И вот он является во всей своей мощи. Я вижу ушедших из жизни друзей, они собрались на Лоре, как в дни, давно минувшие. Фингал подобен туманному столбу; и с ним его герои, а там и барды песнопений: седой Уллин! И статный Рино! Альпин, пленительный певец! И ты, скорбящая Минона! Как же изменились вы, друзья, с тех пор что отшумели пиры на Сельме, когда мы состязались в песнях, подражая весенним ветеркам, колеблющим на холме тихонько шелестящую траву.
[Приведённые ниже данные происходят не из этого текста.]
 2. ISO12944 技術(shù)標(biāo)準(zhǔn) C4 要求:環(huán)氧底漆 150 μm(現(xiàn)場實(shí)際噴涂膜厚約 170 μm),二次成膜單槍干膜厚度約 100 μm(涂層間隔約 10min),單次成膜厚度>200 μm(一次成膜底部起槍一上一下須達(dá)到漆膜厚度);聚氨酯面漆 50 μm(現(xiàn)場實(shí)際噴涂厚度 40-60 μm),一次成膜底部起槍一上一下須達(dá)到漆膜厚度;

Тут вышла Минона, сияя красотой; взор ее был потуплен, и слезы стояли на глазах, а косы струились тяжелыми волнами, их развевал ветер, дующий с гор. И омрачились души героев, едва зазвучал ее волшебный голос, ибо не раз видели они могильный склеп Сальгара и мрачное жилище белой Кольмы, сладкоголосой Кельмы, покинутой на холме; Сальгар обещал ей прийти; но тьма сгустилась вокруг. Слушайте голос Кольмы, одиноко сидящей на холме.
Кольма
Ночь! И я одна, забытая в бурю на холме. Ветер свищет в ущельях. Поток стремится вниз с утеса. А я забыта в бурю на холме, и негде мне укрыться от дождя.
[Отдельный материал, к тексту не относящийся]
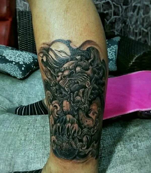 花腿纹身--一组大黑腿纹身图案作品欣赏

Выйди, месяц, из-за туч! Явитесь, звезды ночи! Пусть ваш свет укажет мне дорогу туда, где мой любимый отдыхает от трудов охоты, лежит с ним рядом спущенный лук, и усталые псы окружают его! А я сижу здесь одна на утесе, и под ним бурлит поток. Поток ревет, и буря бушует, и мне не слышен голос любимого.
Зачем же медлит мой Сальгар? Забыл, что дал он мне слово? Вот дерево, и вот утес, а рядом бурлит поток! Ты обещал прийти, когда настанет ночь; неужели заблудился, мой Сальгар? Я хотела бежать с тобой, покинуть гордых отца и брата! Давно роды наши враждуют, но мы не можем быть врагами, о Сальгар!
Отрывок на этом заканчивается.